═════ LISTED ENTRIES ═════

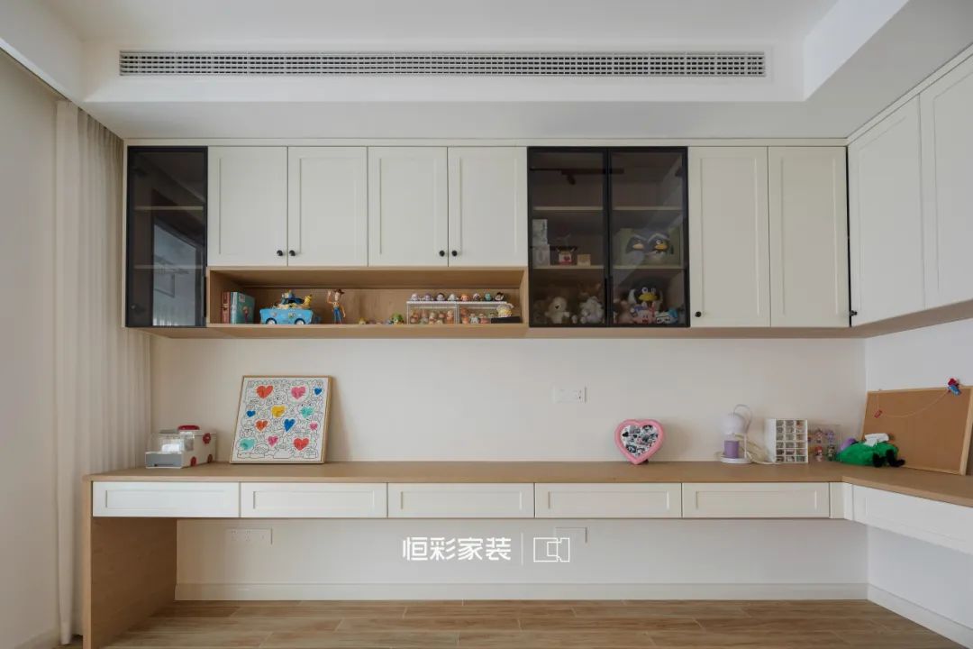 屋内定制吊柜+L型悬浮书桌,奶油+原木柔和干净,其他区域大面积留白,灵活可变,提升整个空间高级感。
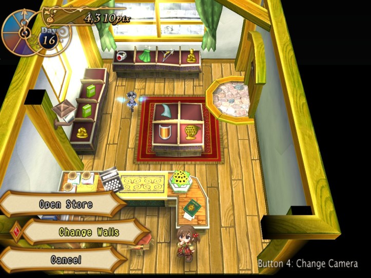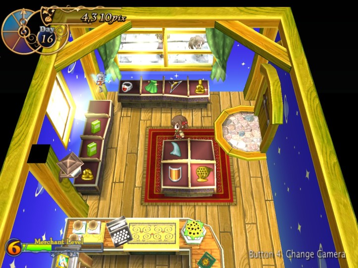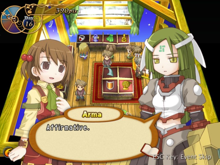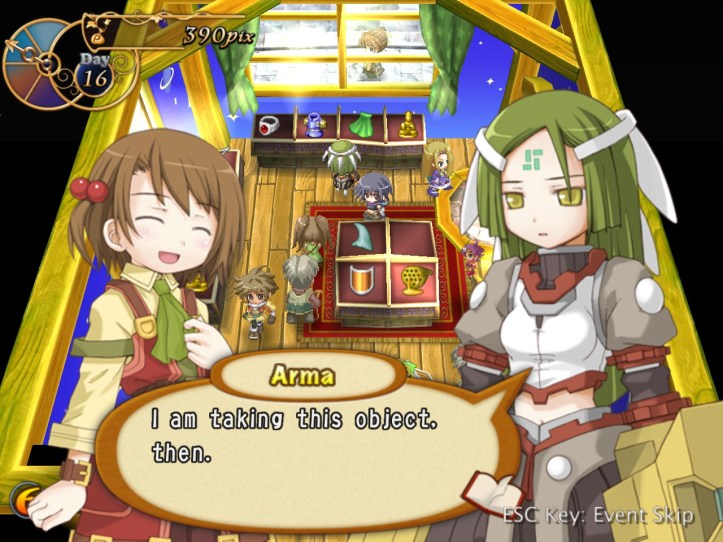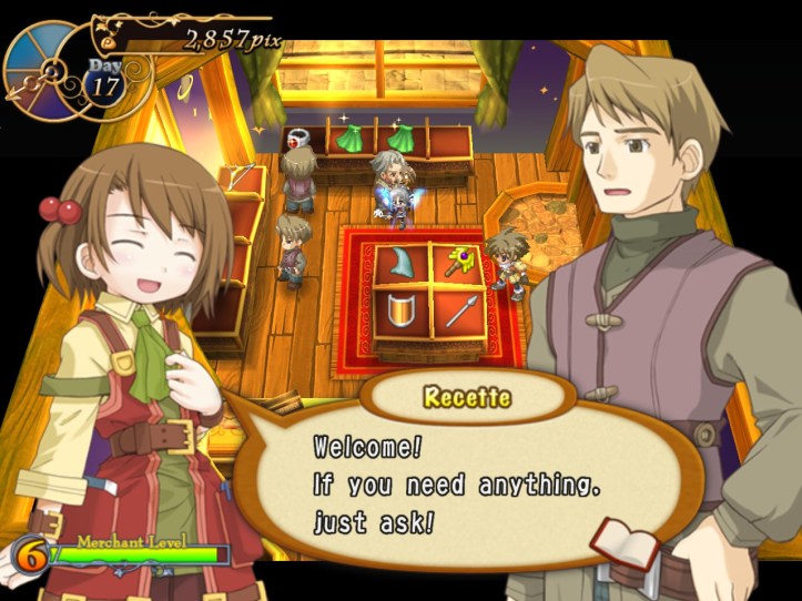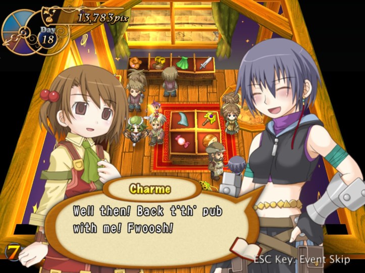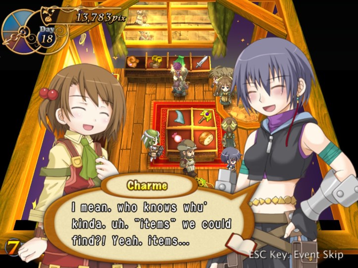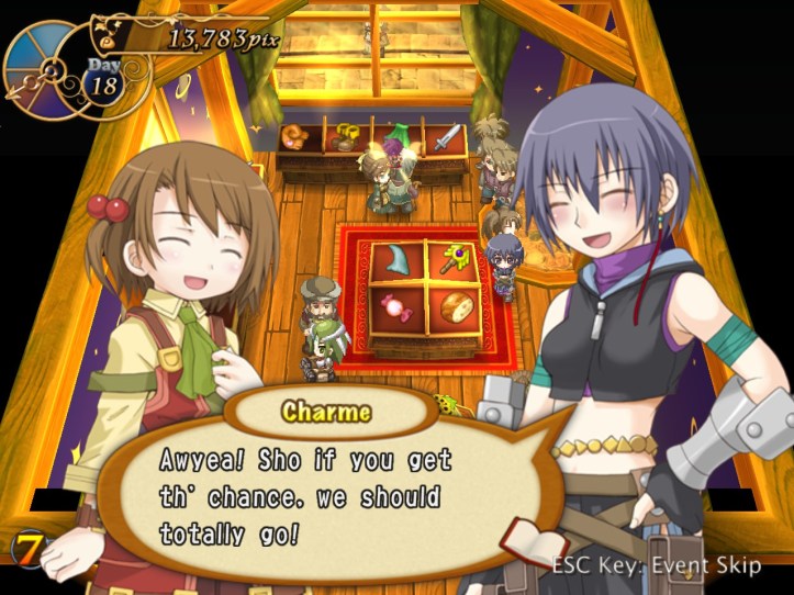 Right, buy and sell again! I pick up more stuff from Reg and do one more lot of selling; again, both Arma and Charme are in the store (you can see them on the right there), but nothing unusual happens with them this time.
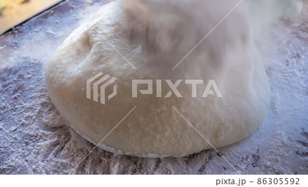 正月準備の餅つき(のし板に広げた餅とり粉の上の餅)
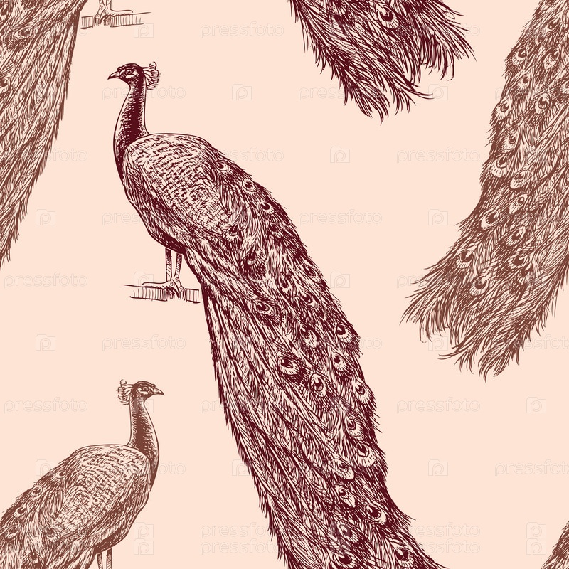 Узор из нарисованных павлинов
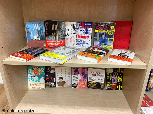 サイゾーウーマン暮らし住まい本棚を「ディスプレイラック」に変える方法! 暮らし [連載]女たちの「煩悩部屋」ビフォーアフター 片付けの専門家が教える「おしゃれな本棚」の作り方! ダイソーグッズで見せる収納に 2023/04/04 17:00 伊藤まき(収納ライター) 「汚部屋」ビフォーアフター ダイソー「アイアンウォールバー」の使い方 商品番号:4991203188991(C)maki_organize ダイソーの「インテリアアイアンウォールバー(30cm)」100円(税抜)です。壁にアートフレームを飾るための鉄の凹型バーで、鉄製なのにフックより大きくコスパ満点。 30cmのほか、10cmと20cmあり(C)maki_organize まず、本棚の棚板にマスキングテープを貼ります。次に、アイアンバーの裏にダイソー「剥がせる両面粘着ゲルテープ」を貼れば、棚板を傷めずに済みます。この方法で「棚受け」も作れます。どちらも「軽いモノ置き」限定のアレンジです。 ダボとアイアンバーで「斜めの棚」に 「ダボ」とダイソーの「アイアンバー」を使って、次のような本棚になりました。 【Before】余白が多くてもったいない(C)maki_organize 【After】棚を斜めにして、ディプレイラックに(C)maki_organize 既存の棚をなるべく使いたいという要望から、ダボの位置を1段下にずらして「斜めの棚」に変えてみました。アイアンバーをストッパーにしましたが、DIYができれば角材でもOK。予算があれば、ネイル用ウォールラックも使えます。 次に、本棚には欠かせない「ブックエンド」のアレンジ法も紹介します。 次のページ ダイソー「ブックエンド」の使い方 前のページ123次のページ 関連記事 片付け専門家が写真で解説「ゴチャゴチャなオープンラック」整理術10選片付け専門家が教える「重要書類」分類術! 100均&イケアのアイテムで生前整理も解決片付け専門家が教える「食器棚」活用アイデア6選! 本棚や文房具収納に使うのが◎片付け専門家がゴミ屋敷を大改造! “散らかりにくい部屋”を作る5つの仕組みとは?片付け専門家が教える洗濯機まわり収納術! 「約5,000円」で可動棚をDIY
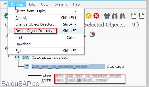 尽管我们已经在SAP系统内将这些对象删除,但是和package的关联关系还在,选中开发对象,点击delete object directory删除,如果提示被Transpot Request锁定,需要先将开发对像在TR中删除。
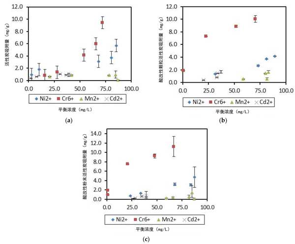 圖2:金屬離子在不同吸附劑上的吸附等溫線(a)活性炭,(b)酸處理顆;钚蕴,和(c)酸處理粉末活性炭。
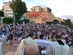 Tantissimi fedeli hanno partecipato alla processione del Corpus Domini ad Agrigento, domenica 11 giugno. Prima la celebrazione eucaristica in Cattedrale e, poi, la processione, come da tradizione. La Santa Messa è stata presieduta dall’arcivescovo Alessandro Damiano e concelebrata dai parroci della città di Agrigento. La processione è partita dalla Cattedrale ed ha attraversato le vie Duomo, Matteotti, Bac Bac, Atenea, piazza Aldo Moro, per giungere in piazza Stazione per la benedizione finale. Il vescovo ha sorretto il santissimo sacramento percorrendo a piedi le vie cittadine. La festa del Corpus Domini celebra la vicinanza di Gesù agli uomini, il momento più alto e significativo della Sua esperienza umana.La solennità del Corpus Domini è un momento importante a fine anno pastorale, in cui al centro della celebrazione è l’Eucaristia, fonte e culmine della vita della chiesa, attraverso la quale si sperimenta la comunione tra le varie realtà della diocesi, nella corale preghiera per i deboli, i poveri, per chiunque ha bisogno di amore e di consolazione, vicino o lontano, è il segno tangibile di una condivisione e partecipazione alla vita cittadina.
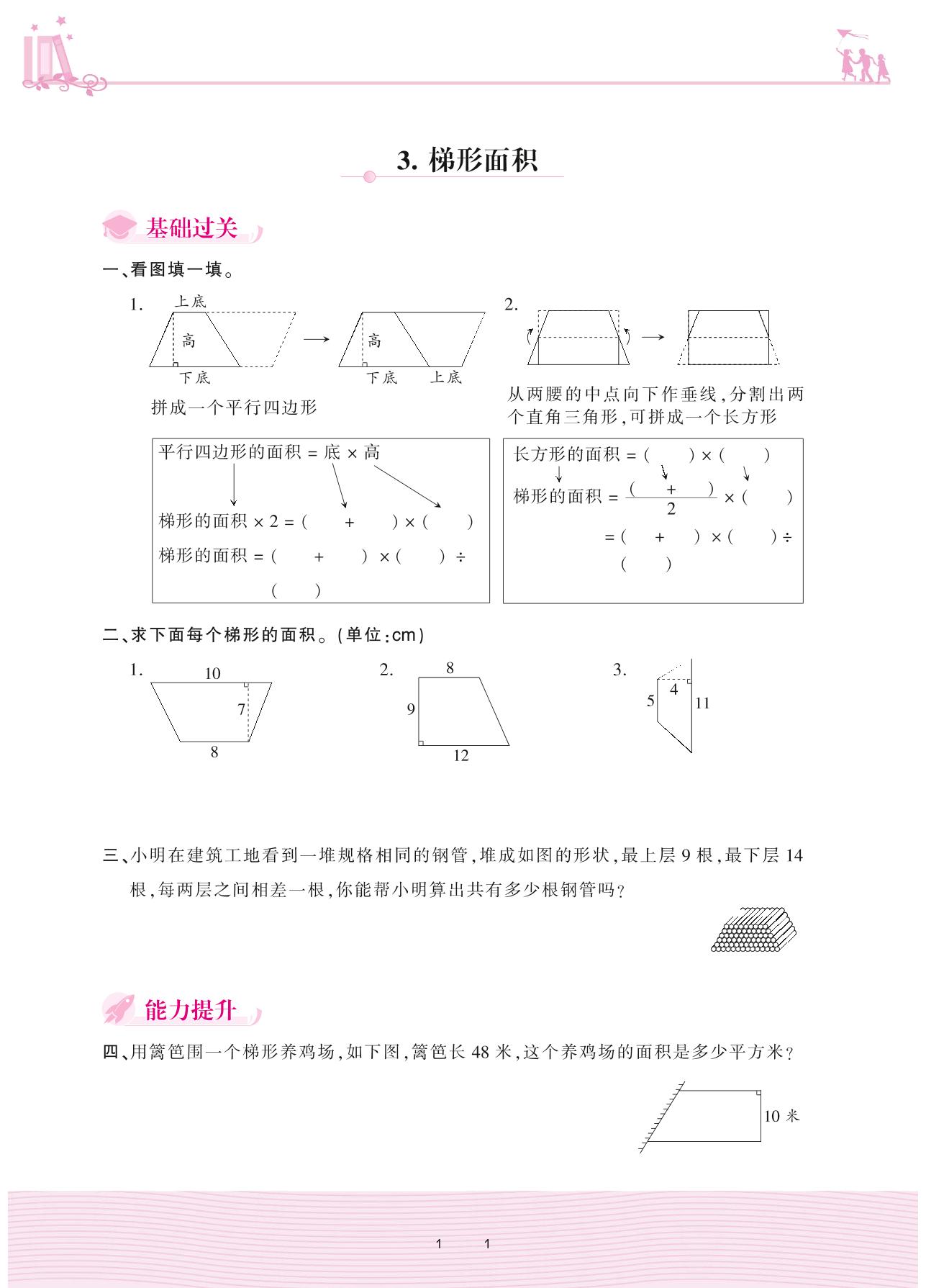 2020上册五年级数学冀教版 六 多边形的面积 3. 梯形面积
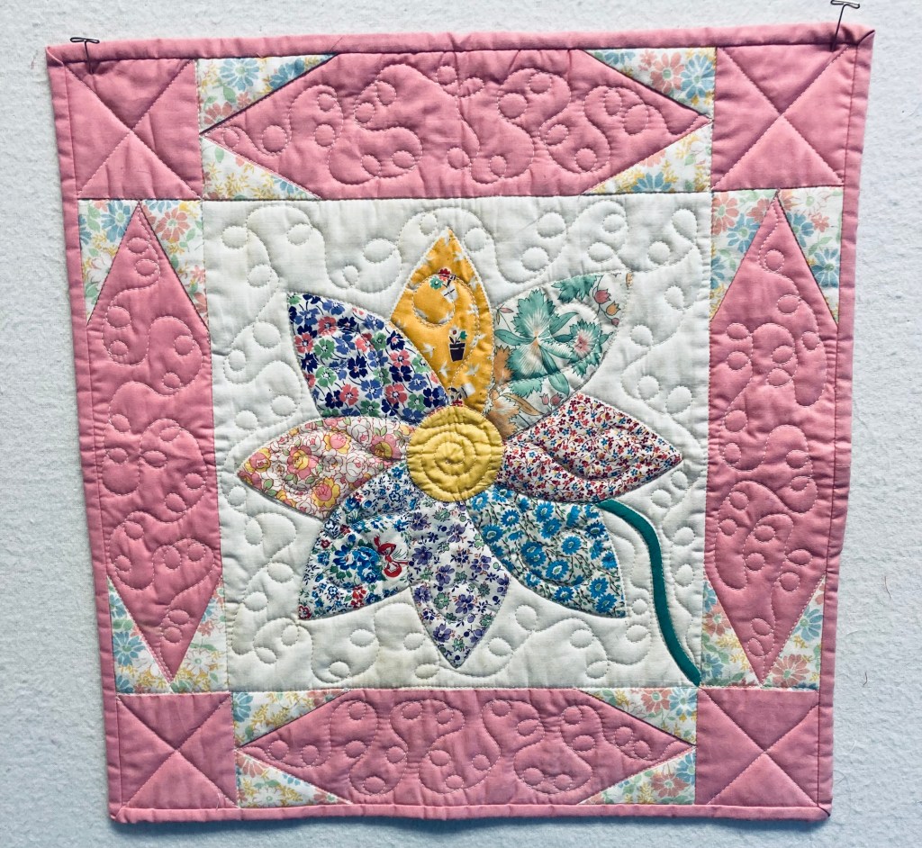A friend donated this charming table topper. The center is 30’s and 40’s reproduction fabric. Perfect setting for a lamp or vase of spring flowers. It is 17″ square and $25.
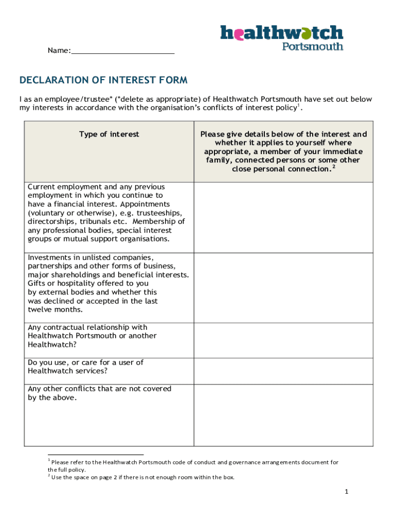 Name: DECLARATION OF INTEREST FORM I as an employee/trustee* (*delete as appropriate) of Health watch Portsmouth have set out below my interests in accordance with the organizations conflicts of interest
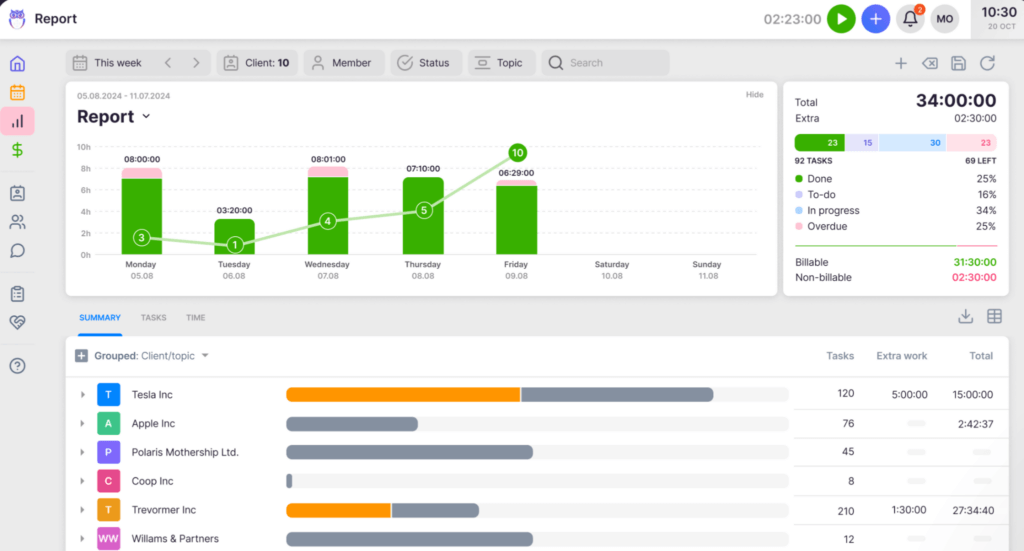 Uku excels for firms that want everything in one place: task management, time tracking, automated billing, and secure client collaboration without managing multiple software subscriptions. Customer feedback indicates firms see ~20% more profit by discovering outdated agreements where actual work hours exceeded contracted amounts.
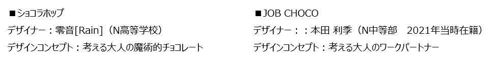 プログラム内で最終発表された作品の中から、優秀作品が選出され、N高等学校の零音[Rain]さんが制作した「ショコラホップ」とN中等部(2021年当時在籍)の本田利季さんが制作した「JOB CHOCO」は、特に優れた作品として最優秀賞に選ばれました。
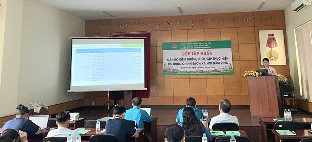 <span style="line-height:115%"><span style="font-family:Cambria,serif"><span style="line-height:115%"><span style="font-family:&#039;Times New Roman&#039;,serif">&nbsp; &nbsp; &nbsp;Nhằm nâng cao chất lượng hoạt động ủy thác và hiệu quả quản lý nguồn vốn tín dụng chính sách tại địa bàn phường Bình Phước và Đồng Xoài, ngày 02/04/2026 Phòng giao dịch Ngân hàng Chính sách Xã hội Bình Phước đã tổ chức chương trình tập huấn dành cho cán bộ các tổ chức chính trị - xã hội nhận ủy thác.</span></span></span></span></span>
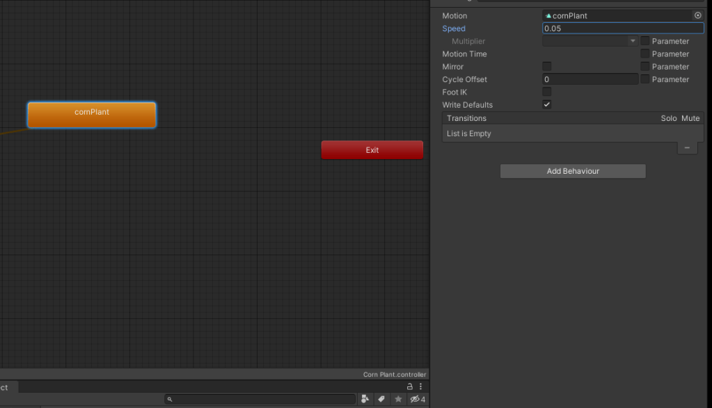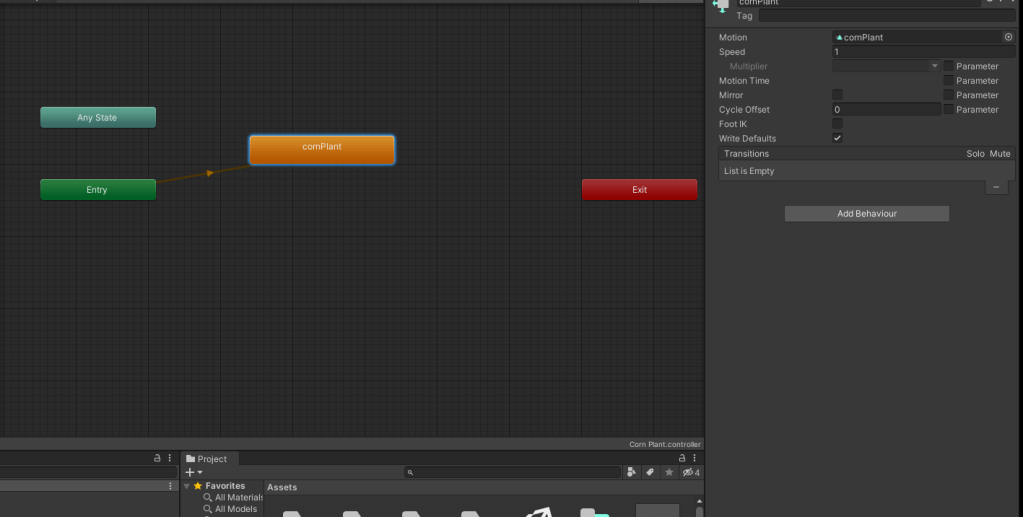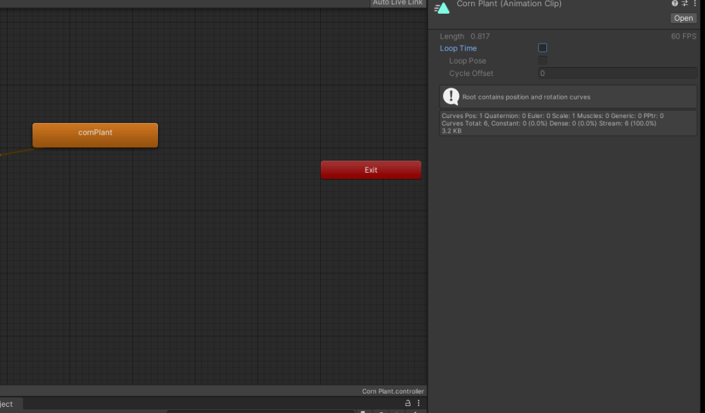 Ok Its all working as it should. Whats Next? lets Tweek the settings and add a harvest to the animation so when its done growing it produces something. In Your Assets you will see a Animation and a Animation Controller that was not there when you started. You want to click the controller.

═════

WHAT THE TASK REQUIRES:
Copy word for word the span of the records above that begins at the line with "正月準備の餅つき(のし板に広げた餅とり粉の上の餅)" and ends at the line with "圖2:金屬離子在不同吸附劑上", including those two lines but not the pictures.

THE ANSWER:
 正月準備の餅つき(のし板に広げた餅とり粉の上の餅)
 Узор из нарисованных павлинов
 サイゾーウーマン暮らし住まい本棚を「ディスプレイラック」に変える方法! 暮らし [連載]女たちの「煩悩部屋」ビフォーアフター 片付けの専門家が教える「おしゃれな本棚」の作り方! ダイソーグッズで見せる収納に 2023/04/04 17:00 伊藤まき(収納ライター) 「汚部屋」ビフォーアフター ダイソー「アイアンウォールバー」の使い方 商品番号:4991203188991(C)maki_organize ダイソーの「インテリアアイアンウォールバー(30cm)」100円(税抜)です。壁にアートフレームを飾るための鉄の凹型バーで、鉄製なのにフックより大きくコスパ満点。 30cmのほか、10cmと20cmあり(C)maki_organize まず、本棚の棚板にマスキングテープを貼ります。次に、アイアンバーの裏にダイソー「剥がせる両面粘着ゲルテープ」を貼れば、棚板を傷めずに済みます。この方法で「棚受け」も作れます。どちらも「軽いモノ置き」限定のアレンジです。 ダボとアイアンバーで「斜めの棚」に 「ダボ」とダイソーの「アイアンバー」を使って、次のような本棚になりました。 【Before】余白が多くてもったいない(C)maki_organize 【After】棚を斜めにして、ディプレイラックに(C)maki_organize 既存の棚をなるべく使いたいという要望から、ダボの位置を1段下にずらして「斜めの棚」に変えてみました。アイアンバーをストッパーにしましたが、DIYができれば角材でもOK。予算があれば、ネイル用ウォールラックも使えます。 次に、本棚には欠かせない「ブックエンド」のアレンジ法も紹介します。 次のページ ダイソー「ブックエンド」の使い方 前のページ123次のページ 関連記事 片付け専門家が写真で解説「ゴチャゴチャなオープンラック」整理術10選片付け専門家が教える「重要書類」分類術! 100均&イケアのアイテムで生前整理も解決片付け専門家が教える「食器棚」活用アイデア6選! 本棚や文房具収納に使うのが◎片付け専門家がゴミ屋敷を大改造! “散らかりにくい部屋”を作る5つの仕組みとは?片付け専門家が教える洗濯機まわり収納術! 「約5,000円」で可動棚をDIY
 尽管我们已经在SAP系统内将这些对象删除,但是和package的关联关系还在,选中开发对象,点击delete object directory删除,如果提示被Transpot Request锁定,需要先将开发对像在TR中删除。
 圖2:金屬離子在不同吸附劑上的吸附等溫線(a)活性炭,(b)酸處理顆;钚蕴,和(c)酸處理粉末活性炭。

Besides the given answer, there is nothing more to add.